SumoLogic / sumologic-kubernetes-collection

Sumo Logic collection solution for Kubernetes
Apache License 2.0
147 stars 183 forks source link

Scaling events pods? #2380

Open knguyenst opened 2 years ago

knguyenst commented 2 years ago

There isn't an option to set replicaCount or autoscaling for fluentd-events pods via helm chart.

Is this by design?

swiatekm commented 2 years ago

Yes, this is by design. Collecting events is essentially reading records from a database table - if you want to scale that, you need to shard the table somehow, which is possible, but involves significant additional complexity.

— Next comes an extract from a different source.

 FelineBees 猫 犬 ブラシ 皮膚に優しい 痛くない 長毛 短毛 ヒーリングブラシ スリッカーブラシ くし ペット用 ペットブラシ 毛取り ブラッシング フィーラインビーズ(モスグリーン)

Do you need to scale the event collection? Even very large clusters, a single FluentD Pod should be able to cope with the load, and if not, the equivalent we're introducing using the Opentelemetry Collector(https://github.com/SumoLogic/sumologic-kubernetes-collection/pull/2379) should do the trick in the near future.

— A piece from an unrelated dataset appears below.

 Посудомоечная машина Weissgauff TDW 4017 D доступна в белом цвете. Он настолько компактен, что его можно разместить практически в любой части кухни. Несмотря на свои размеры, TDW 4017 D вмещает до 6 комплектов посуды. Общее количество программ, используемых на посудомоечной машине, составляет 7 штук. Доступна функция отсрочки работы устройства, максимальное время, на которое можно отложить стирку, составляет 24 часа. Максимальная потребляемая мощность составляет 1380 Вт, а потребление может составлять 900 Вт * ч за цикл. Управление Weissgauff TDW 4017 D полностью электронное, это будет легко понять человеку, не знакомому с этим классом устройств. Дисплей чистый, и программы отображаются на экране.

knguyenst commented 2 years ago

The issue is there is only one pod running and it's hard to monitor when our cluster is running on spot instances which a node where event pods can go down anytime. When it's down, the event pod does take time to get deployed on another node and the timing is unpredictable thus trigger a non-actionable alert.

andrzej-stencel commented 7 months ago

How long does it take for a new events collector pod to be created on another node after previous node went down? Perhaps adjusting your alerting is enough?

We are reluctant to add a high-availability feature to the events collector (currently it is Otelcol, not Fluentd), as it increases complexity.